Mental health affects different demographics at Bellbrook High School

By: Thomas Dickman and Audrey Cable 

Mental health is a large issue pertaining to most youth in America. But demographics can also play a large role in how people feel. In an attempt to learn more, EagleView News surveyed Bellbrook students to gather data on demographics and mental health at Bellbrook High School. 

This graph shows how different demographics at Bellbrook struggle with mental health.

Demographics in the survey aligned with those highlighted in the CDC report on teen mental health.

Macro-demographically, Bellbrook has a much higher rate of mental health issues than the national average as reported by the CDC (42%), according to the 51 respondents to the survey. 

Certain demographics in our community are much more impacted than others. Some of the much more noticeable ones are the Female as well as the LGBTQ community demographics who reported that they struggled with their mental health.

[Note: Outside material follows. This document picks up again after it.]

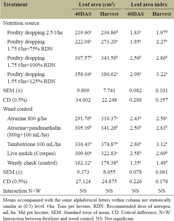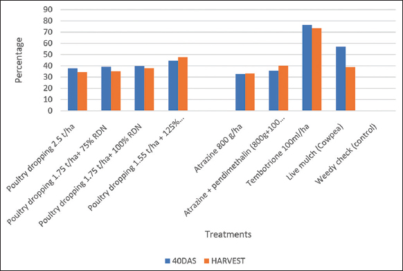 The main plot treatment consisted of four fertilizer treatments, viz-a-viz, (1) poultry dropping applied at 2.5 t/ha, (2) poultry dropping 1.75 t/ha + 75% RDN, (3) poultry dropping 1.75 t/ha + 100% RDN, and (4) poultry dropping 1.5 t/ha + 125% RDN. The five weed control treatments used in the sub-plots were atrazine applied at 800 g/ha, atrazine at 800 g/ha + pendimethalin 100 mL/ha, and tembotrione at 100 mL/ha PoE, live mulch (cowpea), and weedy check.

In fact, all of the responses received were above the national rate aside from Indigenous, Mixed, and Male. 

Stereotypes and societal norms play a large role in how people feel they have to perform.

Different demographic pressures, stereotypes, and societal norms affect the mental health of individuals whether it is sexism, racism, or cultural norms.

“As someone who identifies as female, I feel like there are not certain places in this school that are accepting of me, like higher level science classes, or engineering classes,” said senior Eve Jamilkowski who also identifies as white and heterosexual. She went on to talk about how her friends in engineering classes feel like there is sexism among peers, and how they feel uncomfortable to speak up to a teacher about it. 

“I feel pressured by the stereotypes set upon people of my culture because we are pressured to be very smart and it makes me feel like I have to overcompensate,” a sophomore who identifies as bi-racial said.  “I also feel like I have to do really well now because I’m young and what I do currently will affect me for the rest of my life.” 

“As a female I feel I am expected to be organized, and turn in my work, but having ADHD makes it very difficult and makes me feel less than the expectation put on me,” senior Emma DeWeese, who identifies as white and heterosexual, said. 

“I don’t feel any conscious pressure to perform in school a certain way,” senior Jacob Grismer, who identifies as a white, heterosexual male, said.  “Sure, I might feel scared to express myself as much, and feel confined to certain ways to dress but I’m OK with that,” 

Family influences mental health in teens.

An analysis of a study conducted by the PSID (Panel Study of Income Dynamics) found in six waves of studies from 2007 to 2017 that of the people they studied 21.30% had experienced “some type of parental mental health problems in childhood.” The CDC has also found that parental mental health issues have a strong connection with that of their children. 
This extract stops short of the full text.